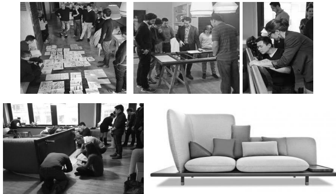
Fig. 2: The craftsman work behind the “Sofa4Manhattan” project
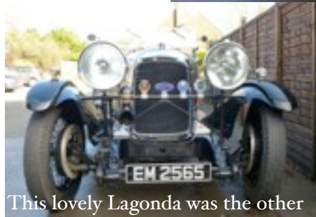
This lovely Lagonda was the other car that I wanted to take home that day
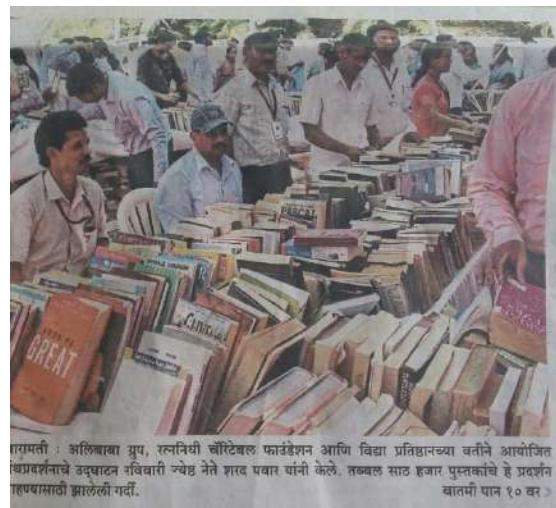
बारामती : अलिबाबा ग्रुप, रत्ननिधी चॉरिटेबल फाउंडेशन आणि विद्या प्रतिष्ठानच्या जतीने आयोजित ग्रंथप्रदर्शनाचे उद्घाटन शरद पवार यांनी केले. तब्बल साठ हजार पुस्तकांचे हे प्रदर्शनी सभागृहातही झालेली गेई.

अज्ञानाची जडोवा... असे पवार यांनी या वेळी म्हणून सांगितले. त्याच काळातच वरील निदेशाप्रमाणे व हायड्राबादला अज्ञानाचे घातपातीतही केला जाई. अज्ञानाचे घातपातीतही केला जाई. अज्ञानाचे घातपातीतही केला जाई. बेचाळीस हजार पुस्तके नेलीसुद्धा! एवढेच अज्ञानाचे घातपातीतही केला जाई. अज्ञानाचे घातपातीतही केला जाई. अज्ञानाचे घातपातीतही केला जाई.
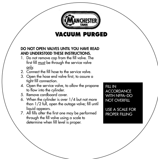
Figure 2 Sample Vacuum Purge Label
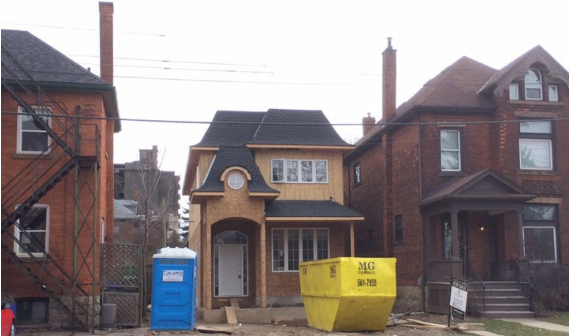
Infill on Queen Street – Development Charge of $35,465
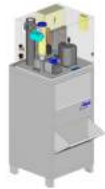
Ice machine with storage bin B200
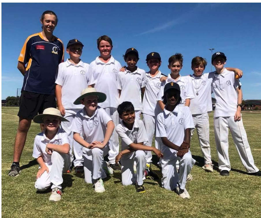
The Under 12B(1) team bowed out in the quarter finals this season.
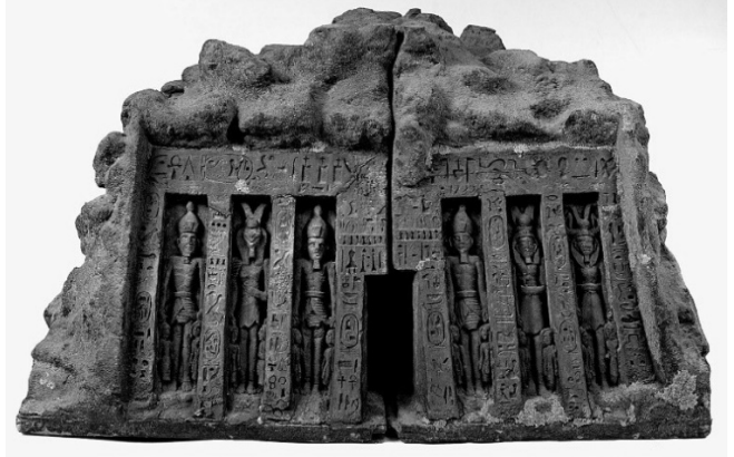
Fig. 1 Wooden model attributed to Jean-Jacques Rifaud, conserved in the Egyptian museum of Turin.

The project will involve the application of the proposed methodology to some small objects belonging to the collection of the Museo Egizio in Turin. The achieved digital models will be used to demonstrate the way in which museums can utilise them for different purposes: to monitor their collections (3D repository linked to a database) and offer the users (visitors) the possibility of exploring objects stored in their depots and storerooms that cannot be put on display due to a lack of space.
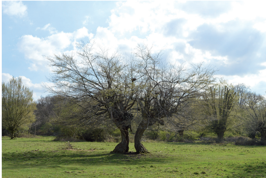
Figure 3. Carpinus betulus pollards at Hatfield Forest.

woodland. This affected over 20% of all parishes in England [12]. Some enclosure was piecemeal and illegal, but Acts of Parliament made the process legal from 1700 onwards. Whenever and wherever strip fields or common grazing land was enclosed, the land was divided up into fields, bounded by hedges, in an ad hoc manner in old field systems, more rigidly planned and planted under legal inclosure.
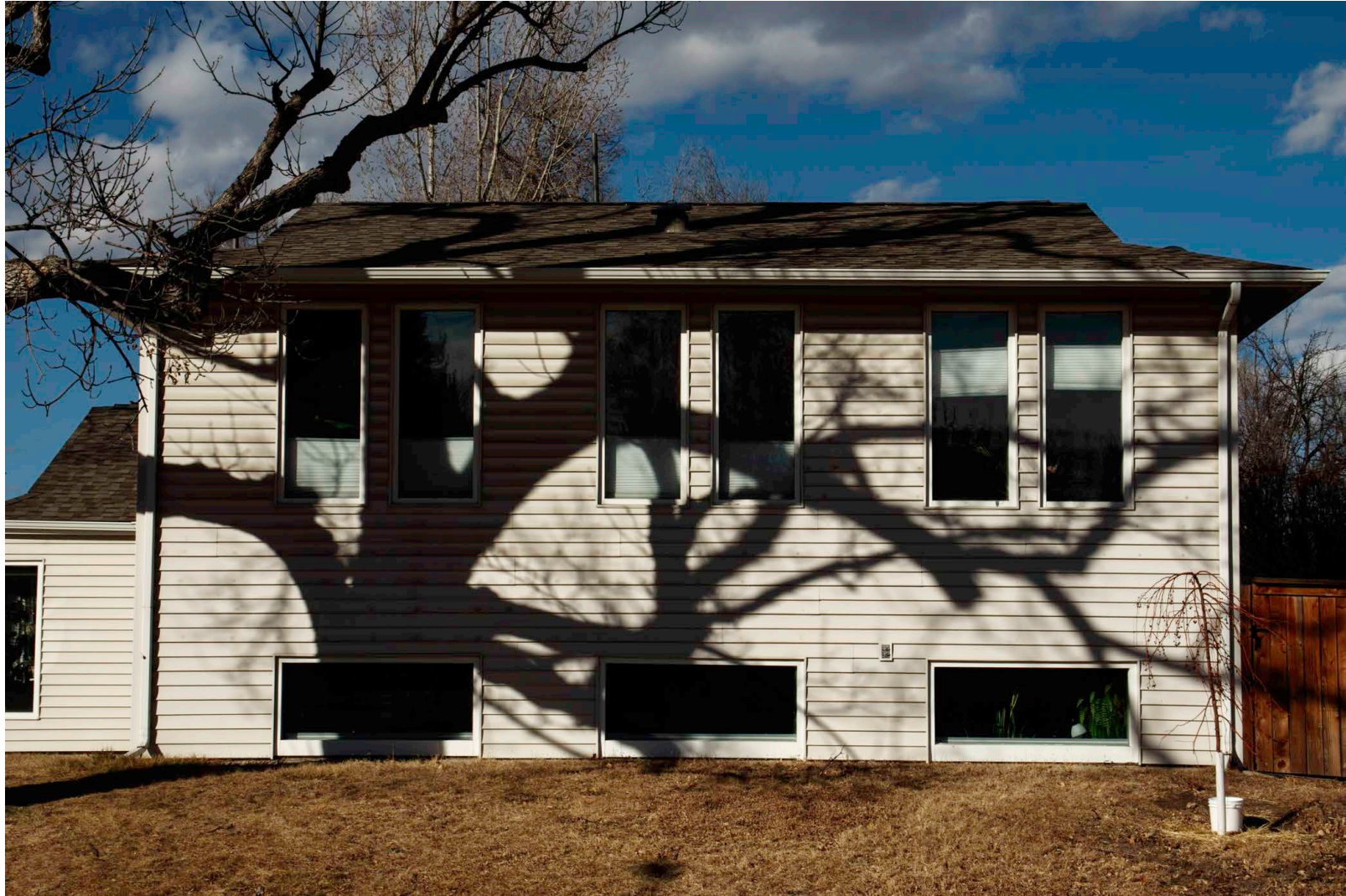
Figure 10: Crawl
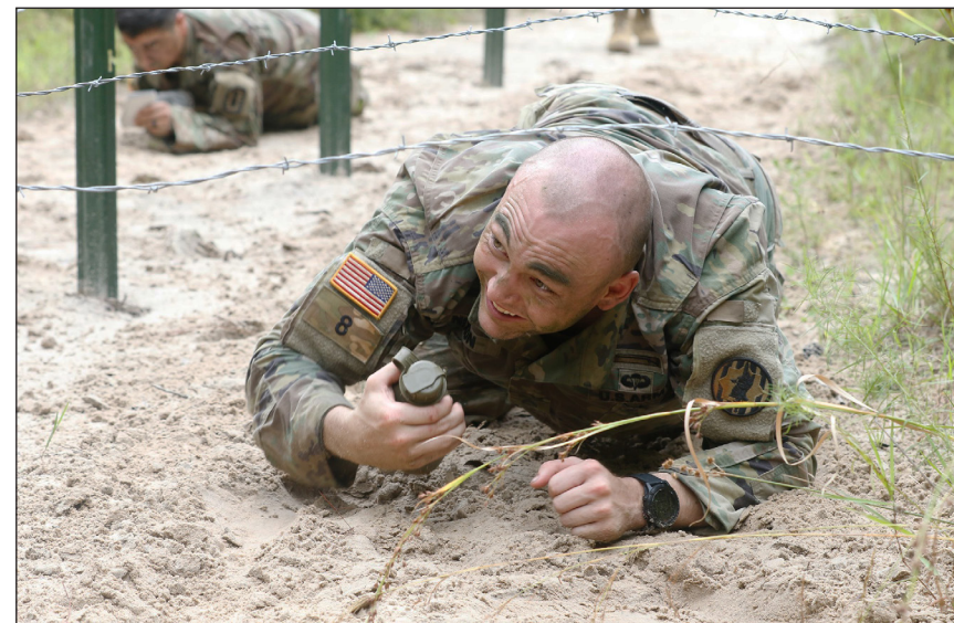
Above A Soldier from the 89th Military Police Brigade, low crawls during the FORSCOM Best Warrior Competition on Fort Bragg, N.C., Aug. 20, 2019.
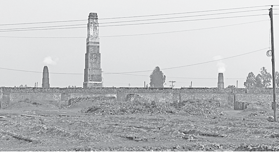
Brick kilns in Chilmari upazila of Kurigram have been built on farmland, violating rules.
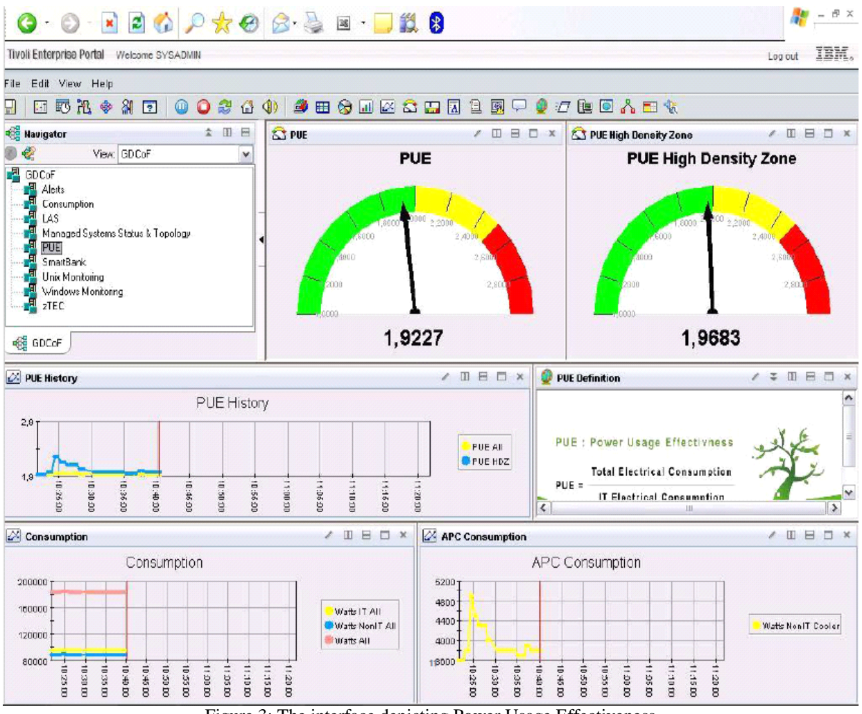
Figure 3: The interface depicting Power Usage Effectiveness
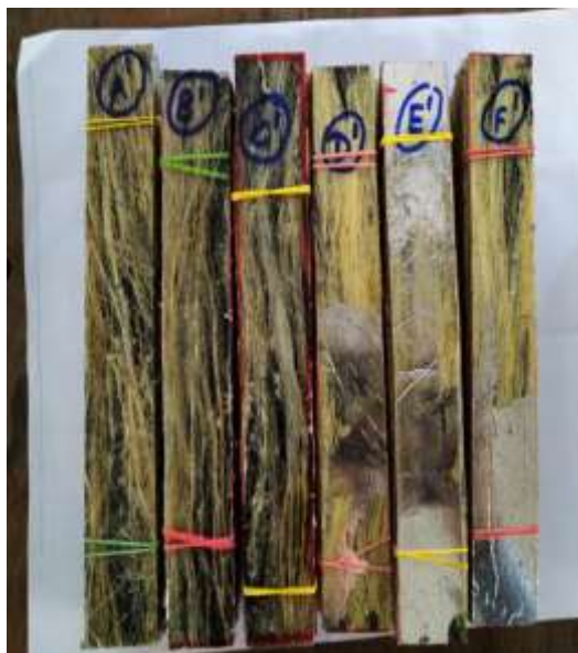
Fig 7: Final products cutted into strips

▶ **THE PROBLEM**
The word to find is "Turin". Copy every line of the data that holds it.

▶ **OUTPUT**
Fig. 1 Wooden model attributed to Jean-Jacques Rifaud, conserved in the Egyptian museum of Turin.
The project will involve the application of the proposed methodology to some small objects belonging to the collection of the Museo Egizio in Turin. The achieved digital models will be used to demonstrate the way in which museums can utilise them for different purposes: to monitor their collections (3D repository linked to a database) and offer the users (visitors) the possibility of exploring objects stored in their depots and storerooms that cannot be put on display due to a lack of space.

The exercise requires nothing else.